As a director of a struck off company, it is also important to be aware of your potential personal liability for the company’s debts and liabilities. In some cases, directors may be held personally liable for the company’s debts if the company is unable to pay them.
This is called “lifting the corporate veil.” It’s important to seek legal advice to understand your potential personal liability and to take steps to protect your personal assets if necessary.
In addition, as a director of a struck off company, you should be mindful of your reputation and the reputation of the company. Being associated with a struck off company can damage your reputation and may make it difficult for you to find future employment or business opportunities. Therefore, it is important to take steps to minimize any potential reputational damage and to seek legal advice if necessary.
6. What should a shareholder of a struck off company do?
If you are a shareholder of a struck off company, it is important to seek legal advice as soon as possible to understand your rights and obligations. Some specific steps that you may need to take as a shareholder of a struck off company include:
- Determine the reason for the company being struck off: This will help to understand what needs to be done to restore the company if that is possible.
- Contact the relevant regulatory agency: You should contact the agency that struck off the company to find out what needs to be done to restore the company.
- Gather the necessary documents: You may need to provide certain documents, such as proof of your shareholding in the company, in order to restore the company.
7. Can a struck off company be used for illegal purposes?
It is possible that a struck off company could be used for illegal purposes, such as money laundering or tax evasion. In some cases, criminals may attempt to use a struck off company as a “shell” to hide illegal activities or to avoid detection.
However, it is important to keep in mind that using a struck off company for illegal purposes is a serious offense and can result in criminal charges. In addition, attempting to use a struck off company to evade taxes or hide illegal activities can result in significant fines and penalties.
If you have concerns that a struck off company is being used for illegal purposes, it is important to report this to the relevant authorities.
Frequently Asked Questions
Ques: What is the difference between striking off and winding up?
Ans: For dead firms or companies with no or very limited liabilities, striking off is the recommended option. Some businesses must wind up their operations simply because they no longer exist. When a company has assets and liabilities, it must be wound up.
Ques: Can a company revive after struck off?

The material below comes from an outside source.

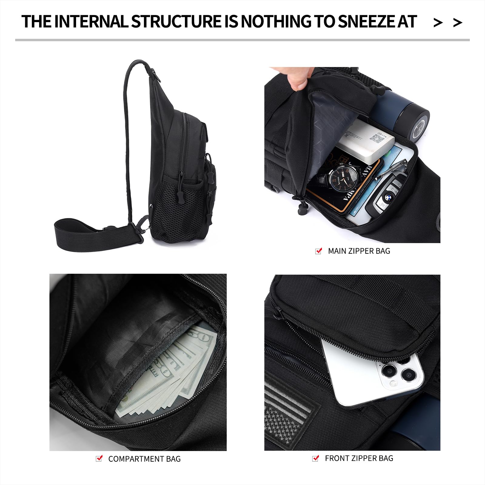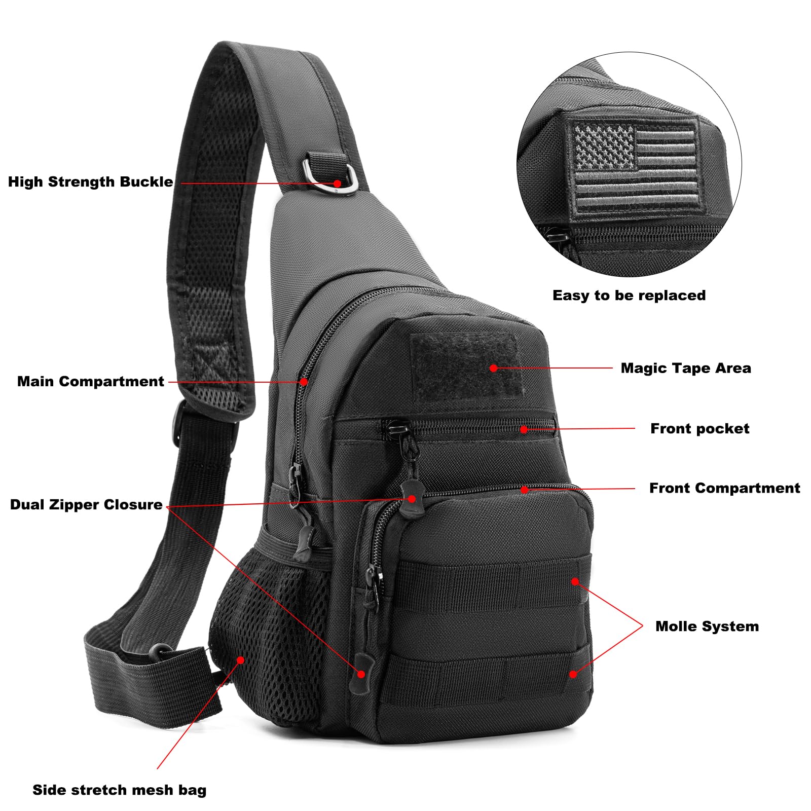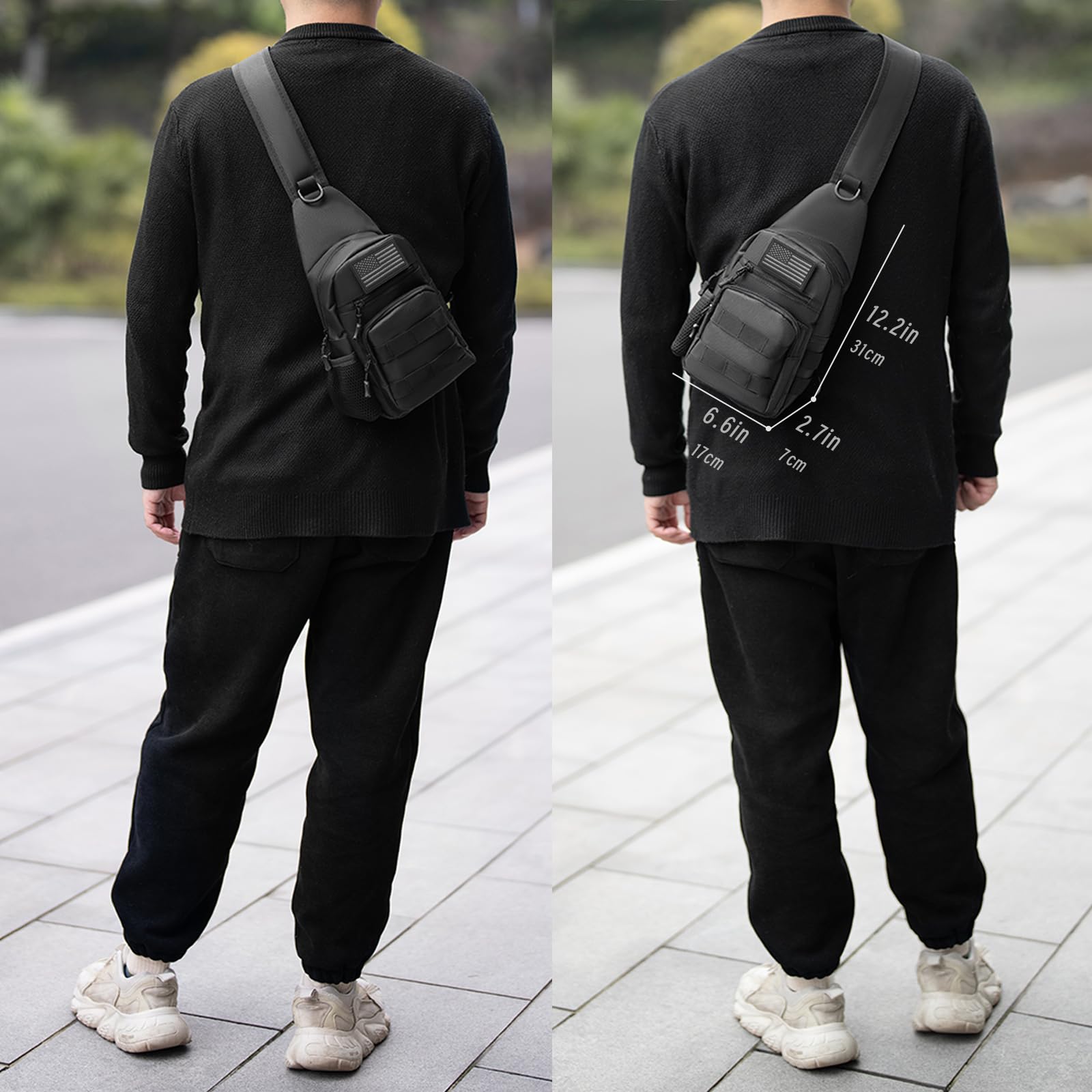 Tactical Sling Bag with Flag Patch - Waterproof Military Backpack for Hiking, Hunting, Fishing - Crossbody Bags for Men, Chest Bag, Molle Army Backpack

Ans: Struck off refers to the temporary closure of a company in accordance with the requirements of the Companies Act 2013. It is a substitute for winding up a company and allows the company to be revived for ‘twenty years’ from the date of the struck off.
Ques: Does a company struck off affect credit rating?
Ans: Firm liquidation should not affect your personal credit rating unless you are indebted to the bankrupt company, and the liquidator is required to take recovery action against you, such as obtaining a County Court Judgement. This type of action would be recorded on your creditor’s records for about six years.